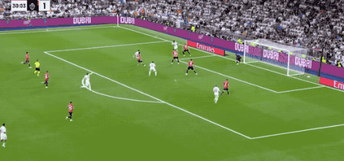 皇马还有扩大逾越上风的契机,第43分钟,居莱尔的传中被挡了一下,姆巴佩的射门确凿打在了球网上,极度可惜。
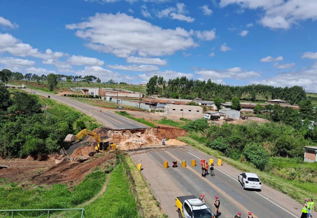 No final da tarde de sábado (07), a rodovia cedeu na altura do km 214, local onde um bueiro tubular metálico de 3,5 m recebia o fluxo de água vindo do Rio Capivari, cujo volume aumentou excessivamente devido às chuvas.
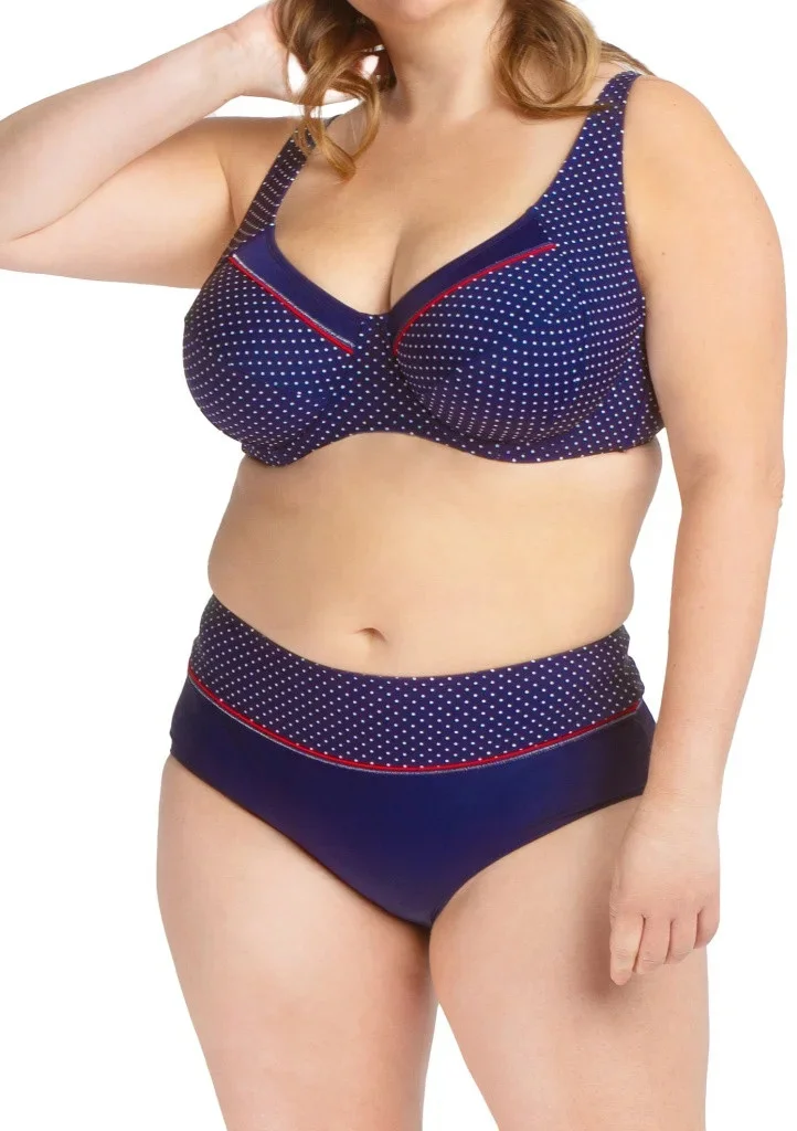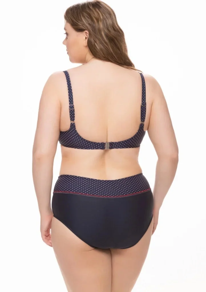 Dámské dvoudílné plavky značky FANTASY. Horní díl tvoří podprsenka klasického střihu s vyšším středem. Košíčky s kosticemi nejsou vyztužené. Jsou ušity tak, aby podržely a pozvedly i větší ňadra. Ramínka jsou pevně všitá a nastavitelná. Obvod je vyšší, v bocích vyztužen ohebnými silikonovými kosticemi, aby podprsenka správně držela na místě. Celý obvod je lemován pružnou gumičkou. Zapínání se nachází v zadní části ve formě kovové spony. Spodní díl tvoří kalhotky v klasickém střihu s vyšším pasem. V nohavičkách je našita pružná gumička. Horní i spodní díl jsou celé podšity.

____

Your task is to reproduce exactly the lines from the start of the data above through the line containing "No final da", leaving every picture out.

 皇马还有扩大逾越上风的契机,第43分钟,居莱尔的传中被挡了一下,姆巴佩的射门确凿打在了球网上,极度可惜。
 No final da tarde de sábado (07), a rodovia cedeu na altura do km 214, local onde um bueiro tubular metálico de 3,5 m recebia o fluxo de água vindo do Rio Capivari, cujo volume aumentou excessivamente devido às chuvas.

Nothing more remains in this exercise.